▸ **Task to carry out**
Could you write out, exactly as they stand, only the lines in the listing below from the line with "288 白大島着物リメイクレトロ衿Aラインワンピーㇲ(白/花など可愛い柄)" to the line with "1906-8 Карманный осенний", both ends included, without the pictures?

▸ **The input**
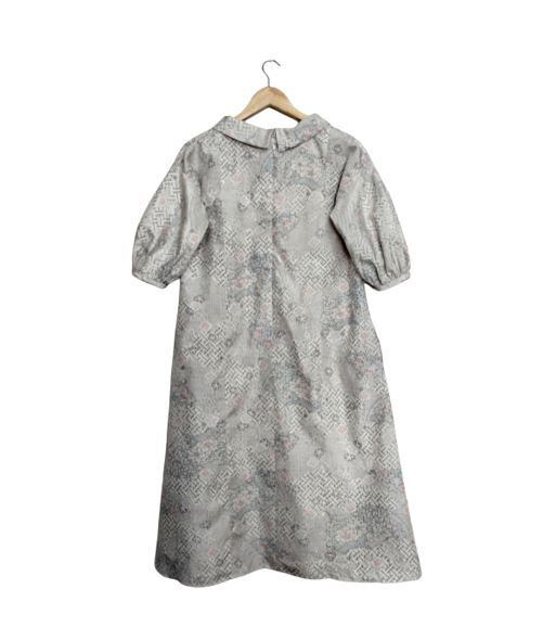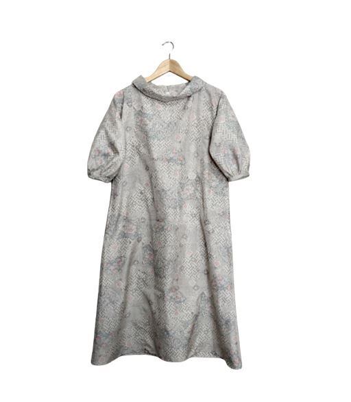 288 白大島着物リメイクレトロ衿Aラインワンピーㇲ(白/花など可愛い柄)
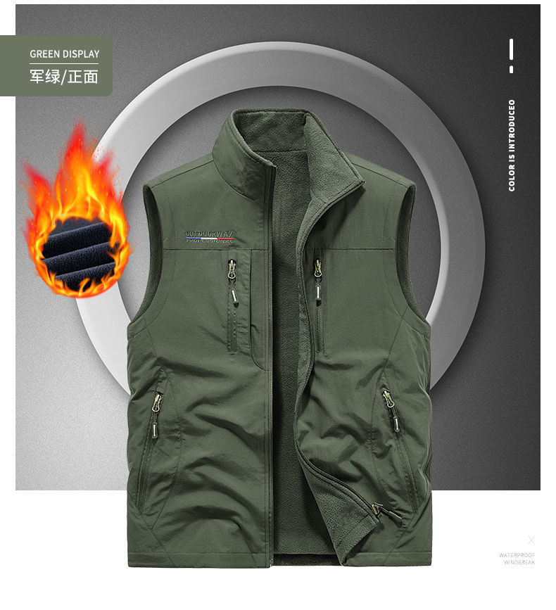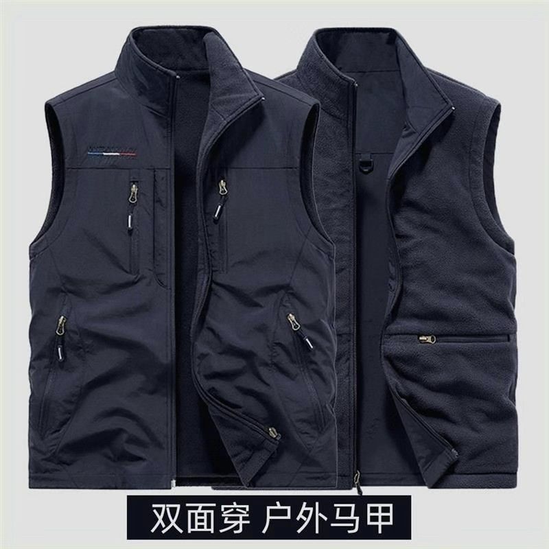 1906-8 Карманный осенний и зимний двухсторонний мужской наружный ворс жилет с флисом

==

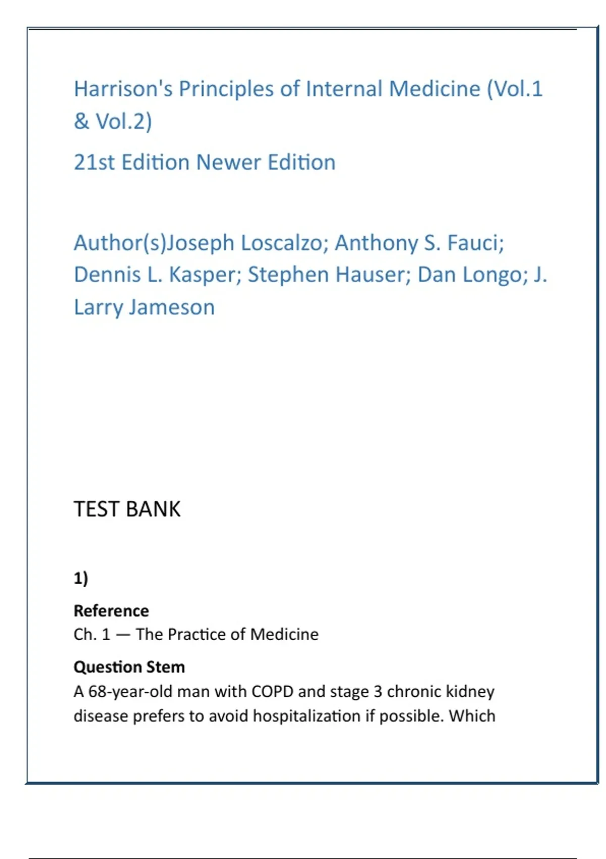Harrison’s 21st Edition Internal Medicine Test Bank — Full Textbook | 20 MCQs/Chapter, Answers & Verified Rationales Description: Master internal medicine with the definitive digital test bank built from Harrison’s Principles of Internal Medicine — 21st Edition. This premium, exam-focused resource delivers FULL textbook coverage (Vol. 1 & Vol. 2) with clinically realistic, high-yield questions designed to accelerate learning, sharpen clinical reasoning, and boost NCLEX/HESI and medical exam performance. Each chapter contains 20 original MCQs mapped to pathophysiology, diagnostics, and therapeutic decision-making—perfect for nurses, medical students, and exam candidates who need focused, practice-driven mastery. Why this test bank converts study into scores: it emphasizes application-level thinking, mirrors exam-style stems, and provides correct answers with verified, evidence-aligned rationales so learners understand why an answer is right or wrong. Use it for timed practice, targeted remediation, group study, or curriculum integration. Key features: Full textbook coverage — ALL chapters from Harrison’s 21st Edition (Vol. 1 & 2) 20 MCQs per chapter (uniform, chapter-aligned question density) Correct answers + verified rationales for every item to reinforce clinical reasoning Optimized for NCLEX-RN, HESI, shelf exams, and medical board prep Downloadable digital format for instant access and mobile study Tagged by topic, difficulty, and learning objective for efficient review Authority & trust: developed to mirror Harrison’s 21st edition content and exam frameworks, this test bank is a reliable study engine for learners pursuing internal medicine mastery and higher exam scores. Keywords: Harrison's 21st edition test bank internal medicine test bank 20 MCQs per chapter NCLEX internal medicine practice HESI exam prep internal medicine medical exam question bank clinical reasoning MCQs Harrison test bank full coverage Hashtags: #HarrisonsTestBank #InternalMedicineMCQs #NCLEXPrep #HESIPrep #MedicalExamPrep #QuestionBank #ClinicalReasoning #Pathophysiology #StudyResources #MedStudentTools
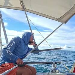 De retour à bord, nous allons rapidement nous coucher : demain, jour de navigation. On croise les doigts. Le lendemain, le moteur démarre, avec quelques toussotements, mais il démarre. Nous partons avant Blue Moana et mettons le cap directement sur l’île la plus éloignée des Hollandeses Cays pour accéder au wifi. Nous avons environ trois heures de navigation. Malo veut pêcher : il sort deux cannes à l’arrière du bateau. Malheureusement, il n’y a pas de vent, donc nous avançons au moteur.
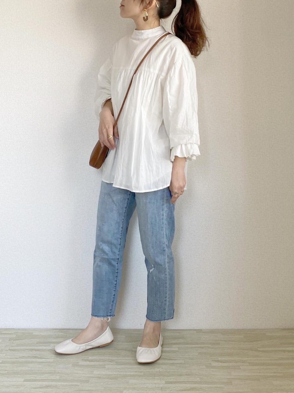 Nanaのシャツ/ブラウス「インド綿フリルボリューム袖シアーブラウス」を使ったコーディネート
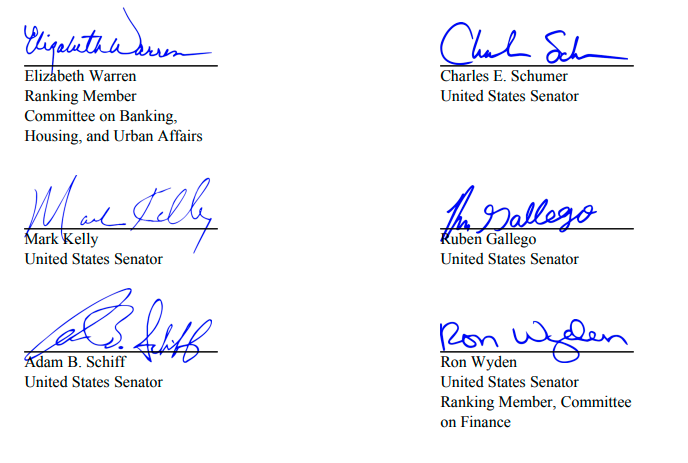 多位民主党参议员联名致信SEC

▸ **Written answer**
 288 白大島着物リメイクレトロ衿Aラインワンピーㇲ(白/花など可愛い柄)
 1906-8 Карманный осенний и зимний двухсторонний мужской наружный ворс жилет с флисом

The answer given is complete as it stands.